BEGIN DATA RECORDS

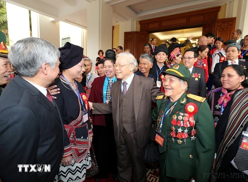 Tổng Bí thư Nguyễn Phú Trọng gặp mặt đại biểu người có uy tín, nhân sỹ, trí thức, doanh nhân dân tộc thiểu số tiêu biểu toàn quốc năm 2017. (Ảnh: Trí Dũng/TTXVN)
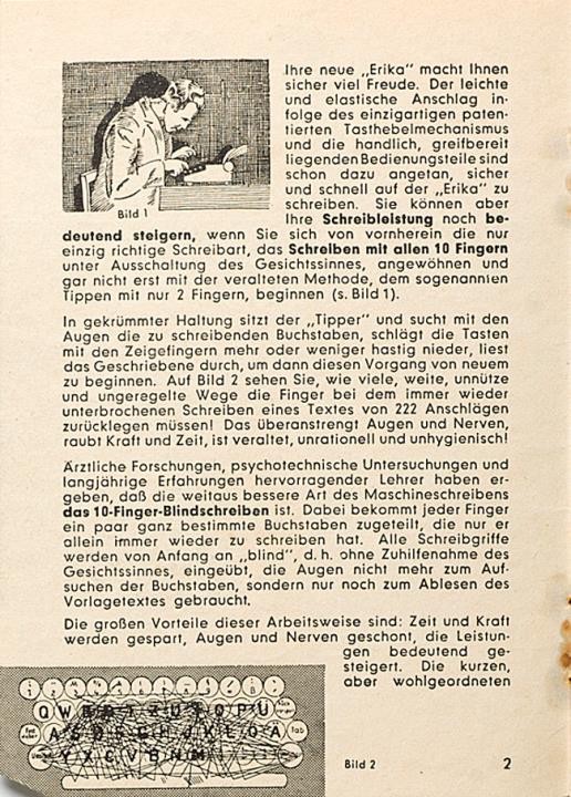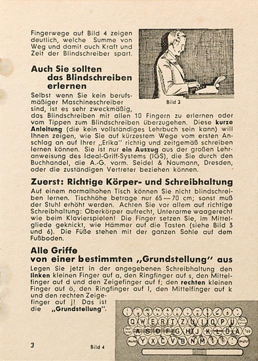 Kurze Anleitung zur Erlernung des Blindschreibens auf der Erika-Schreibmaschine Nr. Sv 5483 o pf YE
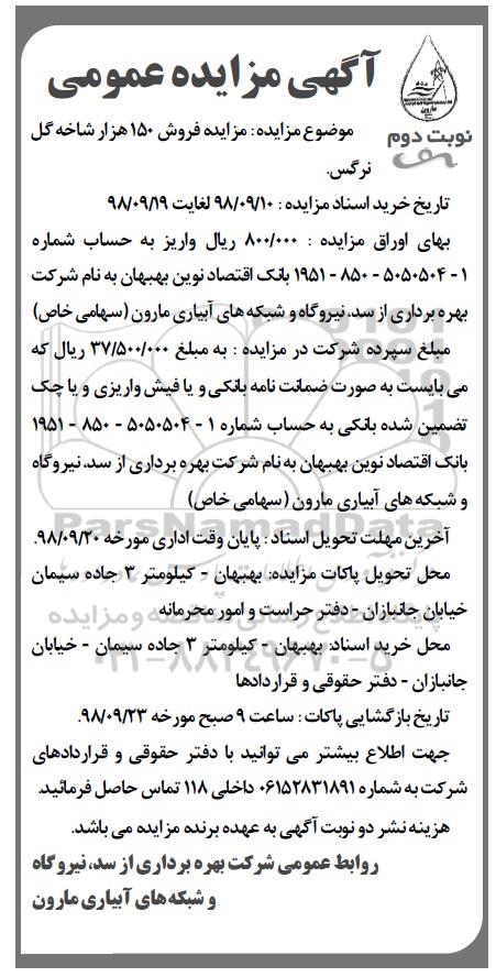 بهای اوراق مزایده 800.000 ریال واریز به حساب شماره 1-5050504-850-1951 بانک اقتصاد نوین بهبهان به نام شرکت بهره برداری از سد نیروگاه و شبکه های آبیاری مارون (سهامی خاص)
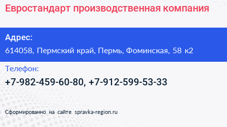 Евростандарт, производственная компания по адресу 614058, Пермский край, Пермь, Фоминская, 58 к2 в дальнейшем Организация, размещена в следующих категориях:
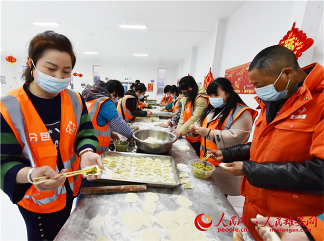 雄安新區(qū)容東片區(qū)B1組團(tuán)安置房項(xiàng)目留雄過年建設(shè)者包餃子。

END DATA RECORDS
BEGIN DATA RECORDS

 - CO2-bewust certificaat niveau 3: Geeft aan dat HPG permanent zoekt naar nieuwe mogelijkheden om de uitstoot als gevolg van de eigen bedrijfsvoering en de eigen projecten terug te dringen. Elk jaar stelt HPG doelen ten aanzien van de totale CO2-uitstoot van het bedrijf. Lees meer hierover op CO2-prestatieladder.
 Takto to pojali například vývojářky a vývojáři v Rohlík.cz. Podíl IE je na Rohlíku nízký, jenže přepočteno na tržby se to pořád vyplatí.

END DATA RECORDS

- _TASK BRIEF_: Copy word for word the lines of the records above from the one with "بهای اوراق مزایده" up to and including the one with "雄安新區(qū)容東片區(q". Skip the pictures.

- _THE ANSWER_:
 بهای اوراق مزایده 800.000 ریال واریز به حساب شماره 1-5050504-850-1951 بانک اقتصاد نوین بهبهان به نام شرکت بهره برداری از سد نیروگاه و شبکه های آبیاری مارون (سهامی خاص)
 Евростандарт, производственная компания по адресу 614058, Пермский край, Пермь, Фоминская, 58 к2 в дальнейшем Организация, размещена в следующих категориях:
 雄安新區(qū)容東片區(qū)B1組團(tuán)安置房項(xiàng)目留雄過年建設(shè)者包餃子。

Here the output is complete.